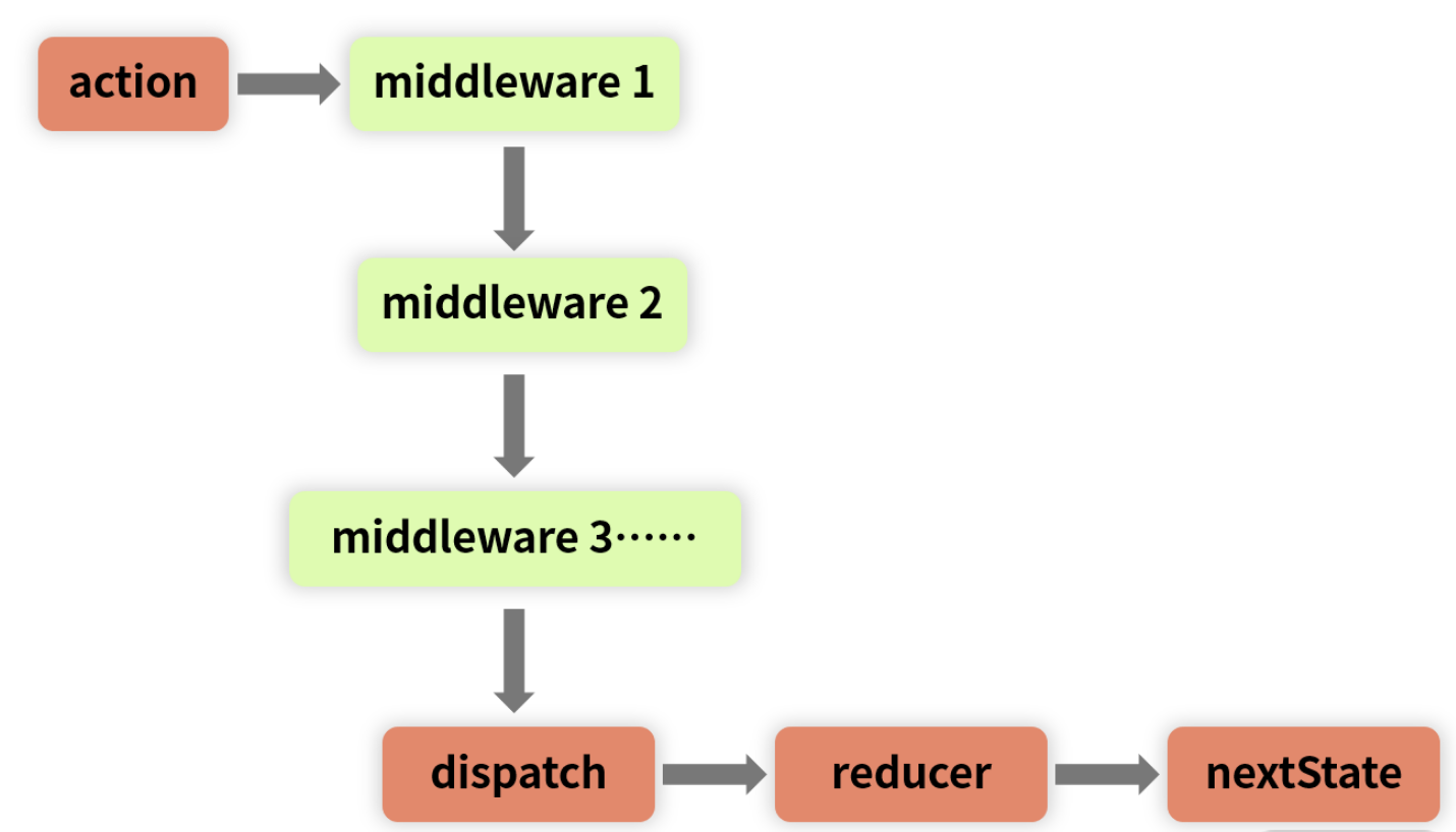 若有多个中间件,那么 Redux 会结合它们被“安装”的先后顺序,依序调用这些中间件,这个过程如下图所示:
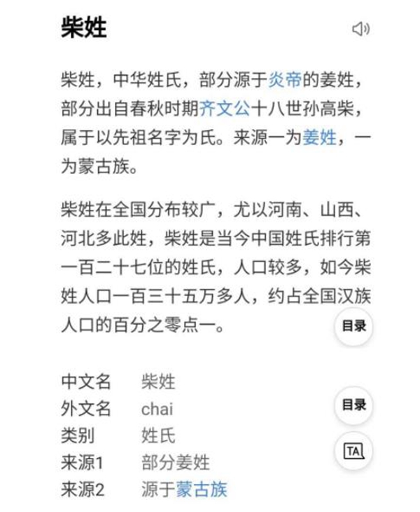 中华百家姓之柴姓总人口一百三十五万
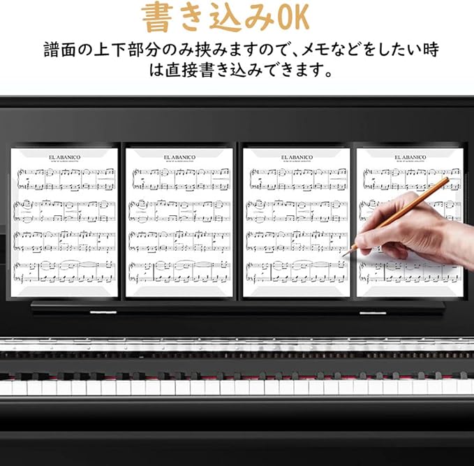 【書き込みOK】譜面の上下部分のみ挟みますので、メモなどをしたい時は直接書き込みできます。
◇ ◇ ◇ ◇ ◇ ◇ ◇
> WHAT THE EXERCISE ASKS
In the listing, find the line with "中华百家姓之柴姓总人口一百三十五万" and retype exactly from there through the last line, both included, leaving the pictures out.

> FINAL ANSWER
 中华百家姓之柴姓总人口一百三十五万
 【書き込みOK】譜面の上下部分のみ挟みますので、メモなどをしたい時は直接書き込みできます。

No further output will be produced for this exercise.